EXERCISE
Leave out all pictures and retype exactly the lines from the one with "with everyday edge." through the last line of the material.

**** AVAILABLE DATA ****

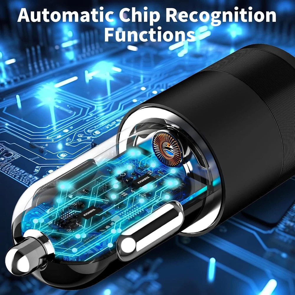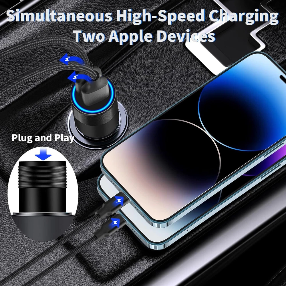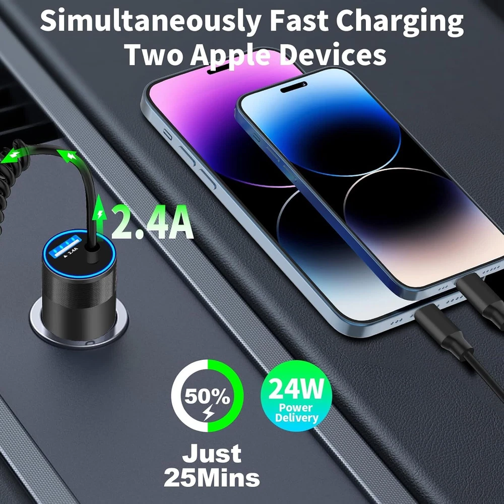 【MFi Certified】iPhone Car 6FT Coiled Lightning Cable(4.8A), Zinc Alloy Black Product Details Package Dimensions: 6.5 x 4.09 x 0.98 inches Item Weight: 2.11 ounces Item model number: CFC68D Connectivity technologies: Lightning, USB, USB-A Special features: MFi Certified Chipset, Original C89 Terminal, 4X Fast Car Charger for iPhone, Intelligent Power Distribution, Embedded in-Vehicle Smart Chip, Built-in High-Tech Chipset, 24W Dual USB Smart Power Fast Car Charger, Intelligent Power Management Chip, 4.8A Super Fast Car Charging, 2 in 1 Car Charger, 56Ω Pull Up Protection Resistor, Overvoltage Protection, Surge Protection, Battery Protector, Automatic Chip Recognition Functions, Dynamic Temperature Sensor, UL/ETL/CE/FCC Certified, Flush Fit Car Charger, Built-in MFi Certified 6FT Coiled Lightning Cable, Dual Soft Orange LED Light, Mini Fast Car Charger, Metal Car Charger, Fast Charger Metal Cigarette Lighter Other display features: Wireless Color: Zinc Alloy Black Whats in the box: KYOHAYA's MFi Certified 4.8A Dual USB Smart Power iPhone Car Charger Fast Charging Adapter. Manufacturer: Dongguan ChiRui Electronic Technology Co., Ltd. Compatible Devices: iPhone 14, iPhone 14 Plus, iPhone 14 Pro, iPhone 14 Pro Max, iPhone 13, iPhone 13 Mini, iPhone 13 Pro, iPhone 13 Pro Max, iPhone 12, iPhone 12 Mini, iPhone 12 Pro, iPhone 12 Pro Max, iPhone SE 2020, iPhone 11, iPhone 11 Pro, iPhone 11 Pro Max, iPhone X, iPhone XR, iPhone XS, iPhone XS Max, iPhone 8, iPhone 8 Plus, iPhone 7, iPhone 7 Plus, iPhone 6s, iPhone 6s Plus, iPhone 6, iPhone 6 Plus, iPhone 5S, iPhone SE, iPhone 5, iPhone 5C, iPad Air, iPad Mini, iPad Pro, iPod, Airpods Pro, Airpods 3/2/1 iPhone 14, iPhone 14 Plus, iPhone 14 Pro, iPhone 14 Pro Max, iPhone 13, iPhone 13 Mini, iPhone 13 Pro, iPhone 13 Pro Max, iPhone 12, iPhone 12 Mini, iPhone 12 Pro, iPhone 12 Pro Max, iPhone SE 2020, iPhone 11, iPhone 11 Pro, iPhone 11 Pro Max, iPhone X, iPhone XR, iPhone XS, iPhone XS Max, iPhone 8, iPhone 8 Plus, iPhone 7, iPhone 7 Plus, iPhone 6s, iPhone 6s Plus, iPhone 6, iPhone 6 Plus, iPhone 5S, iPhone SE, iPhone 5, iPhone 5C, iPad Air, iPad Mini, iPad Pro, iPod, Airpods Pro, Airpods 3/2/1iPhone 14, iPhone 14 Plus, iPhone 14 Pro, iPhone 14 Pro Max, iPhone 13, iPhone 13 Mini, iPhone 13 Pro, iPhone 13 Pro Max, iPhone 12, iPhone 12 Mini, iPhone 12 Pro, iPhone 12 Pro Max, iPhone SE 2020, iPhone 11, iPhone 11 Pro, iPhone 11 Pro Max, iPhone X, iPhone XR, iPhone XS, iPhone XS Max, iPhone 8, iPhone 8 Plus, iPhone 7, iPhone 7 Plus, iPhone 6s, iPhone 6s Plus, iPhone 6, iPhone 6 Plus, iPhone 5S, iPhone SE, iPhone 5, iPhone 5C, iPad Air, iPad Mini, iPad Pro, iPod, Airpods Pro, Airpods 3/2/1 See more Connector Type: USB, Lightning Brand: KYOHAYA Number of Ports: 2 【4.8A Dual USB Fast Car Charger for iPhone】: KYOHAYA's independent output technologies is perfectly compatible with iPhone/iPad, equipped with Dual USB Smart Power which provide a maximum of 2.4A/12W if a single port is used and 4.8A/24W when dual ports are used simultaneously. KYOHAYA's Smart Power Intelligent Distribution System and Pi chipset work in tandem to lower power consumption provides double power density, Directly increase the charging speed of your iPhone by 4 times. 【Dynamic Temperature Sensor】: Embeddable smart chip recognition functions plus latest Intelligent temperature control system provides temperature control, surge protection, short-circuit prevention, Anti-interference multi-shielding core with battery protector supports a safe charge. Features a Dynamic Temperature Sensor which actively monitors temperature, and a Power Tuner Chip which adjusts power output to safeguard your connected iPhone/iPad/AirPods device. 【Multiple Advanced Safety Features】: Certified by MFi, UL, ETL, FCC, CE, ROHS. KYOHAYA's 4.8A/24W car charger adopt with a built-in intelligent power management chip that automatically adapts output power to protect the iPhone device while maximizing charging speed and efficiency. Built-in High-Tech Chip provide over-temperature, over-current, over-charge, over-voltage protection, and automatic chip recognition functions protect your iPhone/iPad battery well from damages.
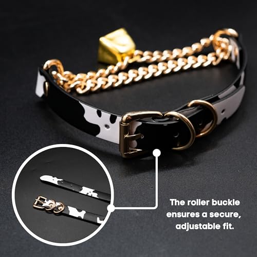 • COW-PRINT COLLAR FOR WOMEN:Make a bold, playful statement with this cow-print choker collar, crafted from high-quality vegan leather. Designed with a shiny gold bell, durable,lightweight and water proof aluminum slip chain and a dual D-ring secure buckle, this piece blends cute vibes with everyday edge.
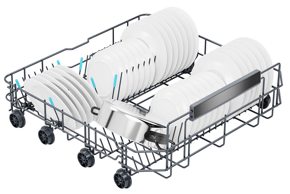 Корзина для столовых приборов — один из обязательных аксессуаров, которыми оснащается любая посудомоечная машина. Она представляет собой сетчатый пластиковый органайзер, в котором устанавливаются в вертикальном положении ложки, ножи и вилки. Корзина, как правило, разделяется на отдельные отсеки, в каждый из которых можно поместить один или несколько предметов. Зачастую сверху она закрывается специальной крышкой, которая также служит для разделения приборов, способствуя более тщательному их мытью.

****

SOLUTION TO THIS TASK
 • COW-PRINT COLLAR FOR WOMEN:Make a bold, playful statement with this cow-print choker collar, crafted from high-quality vegan leather. Designed with a shiny gold bell, durable,lightweight and water proof aluminum slip chain and a dual D-ring secure buckle, this piece blends cute vibes with everyday edge.
 Корзина для столовых приборов — один из обязательных аксессуаров, которыми оснащается любая посудомоечная машина. Она представляет собой сетчатый пластиковый органайзер, в котором устанавливаются в вертикальном положении ложки, ножи и вилки. Корзина, как правило, разделяется на отдельные отсеки, в каждый из которых можно поместить один или несколько предметов. Зачастую сверху она закрывается специальной крышкой, которая также служит для разделения приборов, способствуя более тщательному их мытью.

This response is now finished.